Es notable
la solvencia estilística y técnica con la que Paula Otegui
sostiene sus fascinantes escenarios; el expansivo equilibrio que los
amalgama parece natural, sin acentos disonantes ni recursos desmesurados.
Una incierta flora, una inverosímil geografía, una rara
figuración han crecido en la tela con la misma sencillez opulenta
con la que la naturaleza impone sus infinitas formas en el mundo real.
El título mismo de la muestra anuncia la constatación
física en el plano de un fluir ininterrumpido, orgánico,
constante de la línea, del diseño, de los materiales y
sustancias, de la gramática y la dinámica compositiva.
En esa corriente sobrenadan, se entrelazan, mimetizan y camuflan los
factores iconográficos de una botánica más cercana
a la invención del cuento maravilloso que a la nomenclatura científica,
y de un paisaje que es añoranza paradisíaca y arbitraria
germinación antes que resonancia referencial.

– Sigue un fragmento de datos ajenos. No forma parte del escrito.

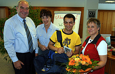 Beim Einkauf mit der Visa-Karte im Aktionszeitraum von Anfang April bis Ende Mai erwarb jeder Karteninhaber zugleich ein Teilnahmelos des Visa-Gewinnspieles. Als Hauptpreise winkten fünf Reisen für je zwei Personen zu den Olympischen Spielen. Für den deutschen Staatsbürger marokkanischer Herkunft Abdel Kader Hammou kam die Sporttasche gerade zur rechten Zeit. Unmittelbar nach der Preisübergabe fuhr der Schichtarbeiter für zwei Wochen nach Marokko. Doch auch danach, so erzählte er bei einer Tasse Kaffee, habe er durchaus Verwendung dafür. Abdel Kader Hammou: „Ich spiele aktiv Fußball und hier paßt wirklich viel rein.“ – Herzlichen Glückwunsch!

Aquí y allá
se entreven extraños personajes, gozosamente imbricados en estos
jardines de las delicias dibujísticas a los que humecta una atmósfera
de hipnótica irradiación. Al dejarnos impregnar por ella,
percibimos que Otegui se conecta sensualmente, y nos propone una intimidad
equivalente según el hedonismo del hacer y del mirar, con una
secreta perversidad cómplice.
Casitas candorosas, arroyitos y pantanos salidos de la fiebre dulce
que experimenta algún paseante encandilado mientras atraviesa
su selvática utopía imaginaria, conviven con manchones
y pinceladas perfectamente extemporáneas en su desmesura, para
resignificar la entonación estructural de toda la composición.
Cuando la óptica de la pieza se invierte el fondo es entonces
negro, con los motivos recortados en un blanco lechoso y casi primordial,
de una luminosidad ósea, como de plankton, generando renovada
inquietud en una escena de por sí tan fabulesca como espectral.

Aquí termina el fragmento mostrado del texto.